Sonó el teléfono de la mesa. Probablemente, Claverhouse. Se levantó de la poltrona de Watson, cruzó el departamento y salió al pasillo.

No se preocupe -dijo Jean-. He estado haciendo averiguaciones tal como me pidió, pero me temo que no be descubierto gran cosa.

– No tiene importancia.

Pues me ha ocupado todo el día…

– Si le parece, mañana me lo explica.

¿Mañana? Muy bien.

– A menos que esté libre esta noche…

Ah. -Se hizo una pausa-. Es que prometí a una amiga pasar a verla porque acaba de tener un niño.

– Me alegro.

Lo siento.

– No se preocupe. Nos vemos mañana. ¿Le parece bien venir a la comisaría?

De acuerdo.

Convinieron la hora y Rebus volvió al departamento de Investigación Criminal. Le daba la impresión de que a ella le complacía que le hubiera propuesto verse aquella noche. Seguro que era lo que esperaba; indicio de que seguía interesada y de que no se trataba exclusivamente de trabajo.

O a lo mejor se estaba haciendo ilusiones.

En la mesa llamó a Claverhouse.

Me has decepcionado, tío -dijo Claverhouse.

– Te dije que no me apartaba de la mesa y así ha sido.

Pues ¿cómo es que no cogías el teléfono?

– Es que he tenido una llamada en el móvil.

¿De alguien que significa para ti más que yo? Estoy muy dolido.

– Era mi corredor de apuestas, a quien debo más de doscientas libras.

Claverhouse guardó silencio un instante.

De eso sí que me alegro -dijo-. Bueno, pide hablar con Declan Macmanus.

– ¿No era ése el verdadero nombre? -dijo Rebus frunciendo el ceño.

Bueno, es evidente que se lo pasó a alguien que lo necesitaba. -Claverhouse le dio el número de Dublín, incluido el código internacional-. Aunque no creo que esos tacaños de Saint Leonard te permitan poner una conferencia internacional -añadió.

– Hay que rellenar formularios -dijo Rebus-. Gracias por tu ayuda, Claverhouse.
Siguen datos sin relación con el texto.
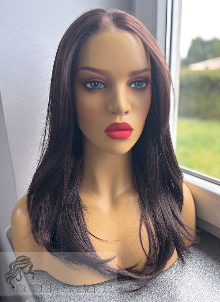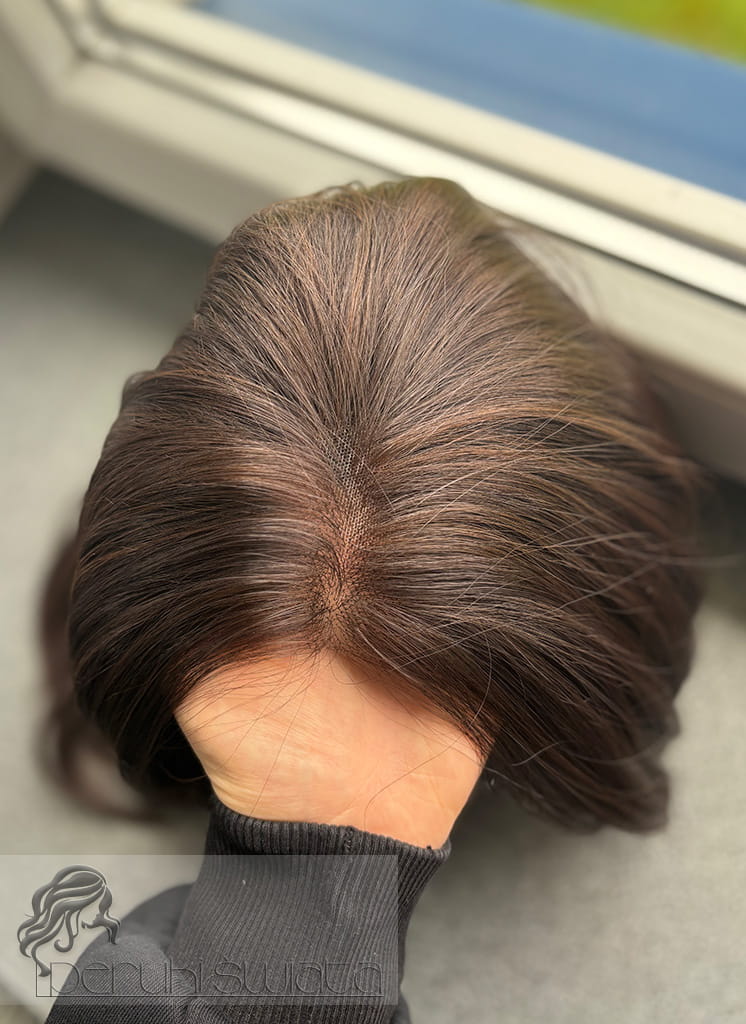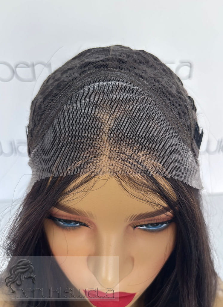 Czepek typu: full lace front (możliwość dowolnego zaczesania przedziałka w obrębie siateczki, podcięcia grzywki, efekt wyrastania włosów z głowy, rozmyta linia przednia peruki)

¿Vas ahora a tomarte esa copa?

– Creo que es lo mejor. No quiero estar consciente cuando dé conmigo mi corredor de apuestas.

Haces muy bien. Un brindis por los caballos perdedores y el buen whisky.

– Lo mismo digo -añadió Rebus colgando.

Claverhouse tenía razón; en Saint Leonard estaba prohibido hacer llamadas internacionales desde los teléfonos con línea exterior, pero Rebus decidió hacerla desde el del despacho de la jefa. El único problema era que Gill Templer había cerrado con llave. Reflexionó un instante y recordó que Watson tenía una llave de repuesto para casos urgentes, y se agachó para buscarla debajo del felpudo. Efectivamente, la llave seguía allí. Abrió y cerró con llave una vez dentro.

Miró el nuevo sillón, pero decidió permanecer de pie, recostado en el borde de la mesa, sin poder evitar pensar en el cuento de los tres osos. ¿Quién se ha sentado en mi sillón? ¿Quién ha llamado con mi teléfono?